◆ **Task**: Return each of the entries below precisely, with no pictures in the result.

[Records contained in a dataset]
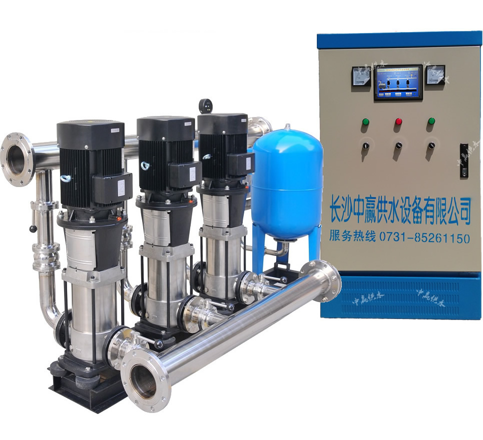 長沙中贏工業生活變頻給水設備是將交流變頻調速技術、可編程控制技術應用于水泵自動控制設備之中,與電機泵組相結合的
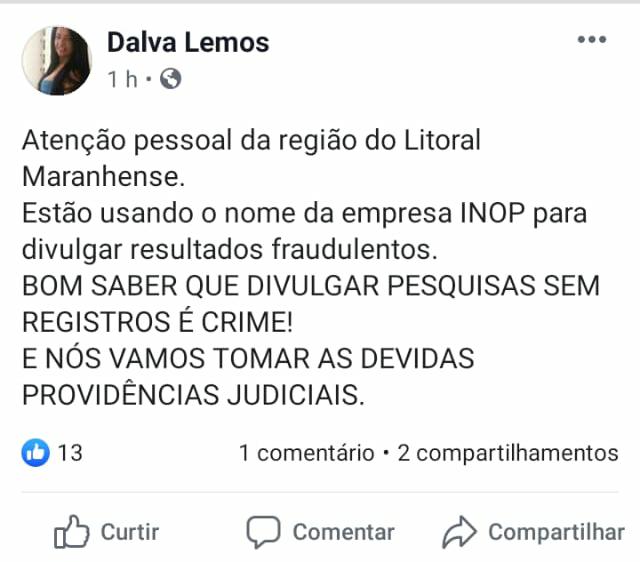 O Blog entrou em contato com a empresa INOP, apontada como sendo a executora da pesquisa DIVULGADA na última terça feira e aguarda respostas.
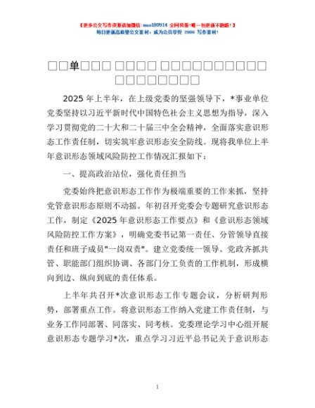 / 事业单位党委 2025 年上半年意识形态领域风险防控工作汇报
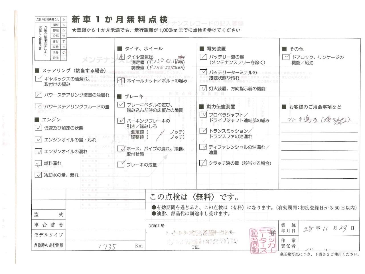• 点検整備記録簿あり
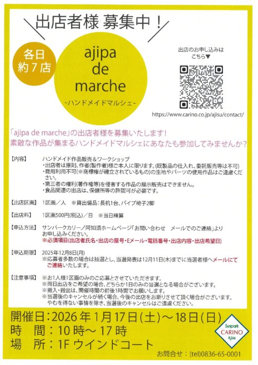 1月 ajipa de marche ーハンドメイドマルシェー 出店者様募集中! 「ajipa de marche」の出店者様を募集いたします!素敵な作品が集まるハンドメイドマルシェにあなたも参加してみませんか?
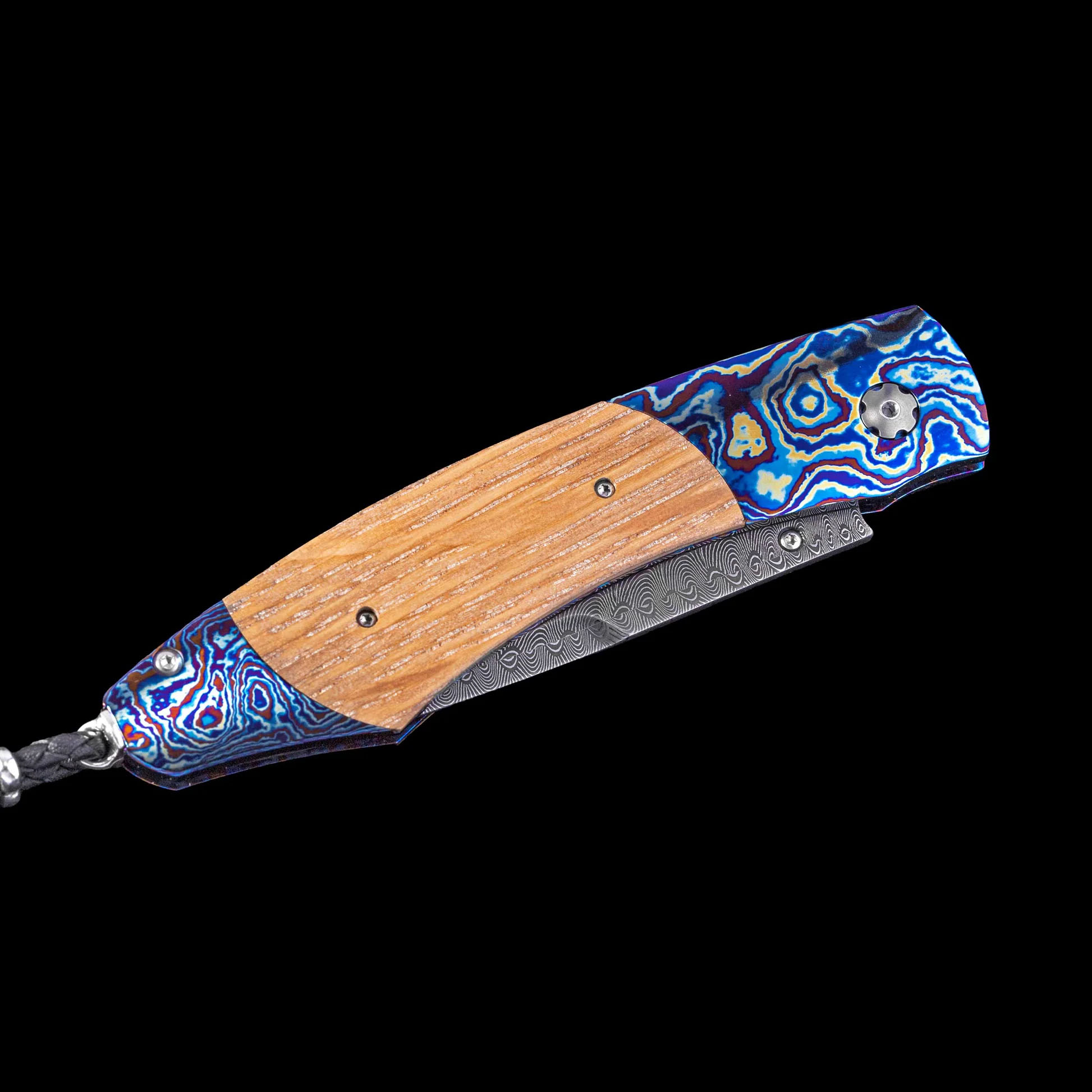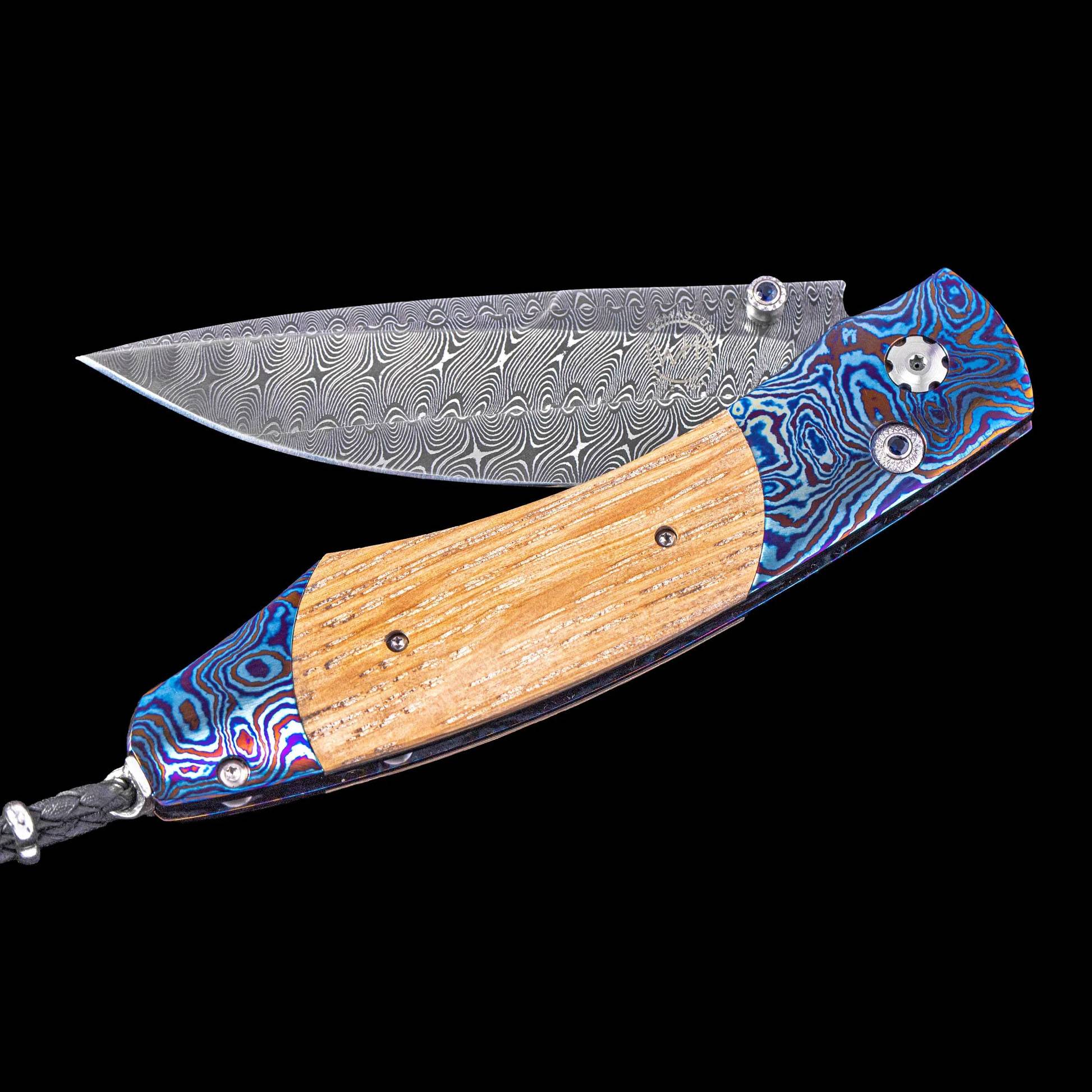 细节 独一无二的刀具 - 定制刀具 型号:B12 矛尖 刀刃:土耳其大马士革钢 - 马克西米拉诺·佩西 框架:热处理蓝化“Moku Ti”大马士革钢 规模:'Pappy Van Winkle' 酒桶木 宝石:蓝宝石 ...
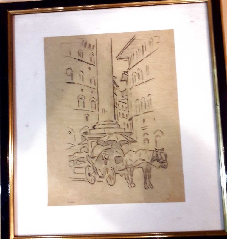Disegno a carboncino, cm. 23x18, montato su cornice a filo oro. Disegno non firmato ma con autentica sul retro: 'Piazza S. Trinità a Firenze 1908. Dall'album degli schizzi. Carboncino e matita del pittore macchiaiolo Alberto Micheli Pellegrini. Per autentica e origine , (Segue timbro, 'Archivio Conte Michele Pellegrini' Con sovrapposta firma autografa. -(Alberto Micheli Pellegrini, Livorno, 28 dicembre 1870 – Bibbiena, 7 gennaio 1943, è stato un pittore e illustratore italiano. Fu un pittore ritrattista e paesaggista ed un illustratore, appartenente alla corrente dei Postmacchiaioli, formatosi all'Accademia di belle arti di Firenze).
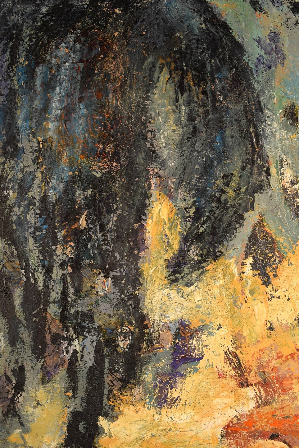 Sonja Henningsen, dansk kunstner. Olie på lærred. Abstrakt modernistisk komposition. "Tvang". 1970'erne.

◆ **Response area**:
 長沙中贏工業生活變頻給水設備是將交流變頻調速技術、可編程控制技術應用于水泵自動控制設備之中,與電機泵組相結合的
 O Blog entrou em contato com a empresa INOP, apontada como sendo a executora da pesquisa DIVULGADA na última terça feira e aguarda respostas.
 / 事业单位党委 2025 年上半年意识形态领域风险防控工作汇报
• 点検整備記録簿あり
 1月 ajipa de marche ーハンドメイドマルシェー 出店者様募集中! 「ajipa de marche」の出店者様を募集いたします!素敵な作品が集まるハンドメイドマルシェにあなたも参加してみませんか?
 细节 独一无二的刀具 - 定制刀具 型号:B12 矛尖 刀刃:土耳其大马士革钢 - 马克西米拉诺·佩西 框架:热处理蓝化“Moku Ti”大马士革钢 规模:'Pappy Van Winkle' 酒桶木 宝石:蓝宝石 ...
Disegno a carboncino, cm. 23x18, montato su cornice a filo oro. Disegno non firmato ma con autentica sul retro: 'Piazza S. Trinità a Firenze 1908. Dall'album degli schizzi. Carboncino e matita del pittore macchiaiolo Alberto Micheli Pellegrini. Per autentica e origine , (Segue timbro, 'Archivio Conte Michele Pellegrini' Con sovrapposta firma autografa. -(Alberto Micheli Pellegrini, Livorno, 28 dicembre 1870 – Bibbiena, 7 gennaio 1943, è stato un pittore e illustratore italiano. Fu un pittore ritrattista e paesaggista ed un illustratore, appartenente alla corrente dei Postmacchiaioli, formatosi all'Accademia di belle arti di Firenze).
 Sonja Henningsen, dansk kunstner. Olie på lærred. Abstrakt modernistisk komposition. "Tvang". 1970'erne.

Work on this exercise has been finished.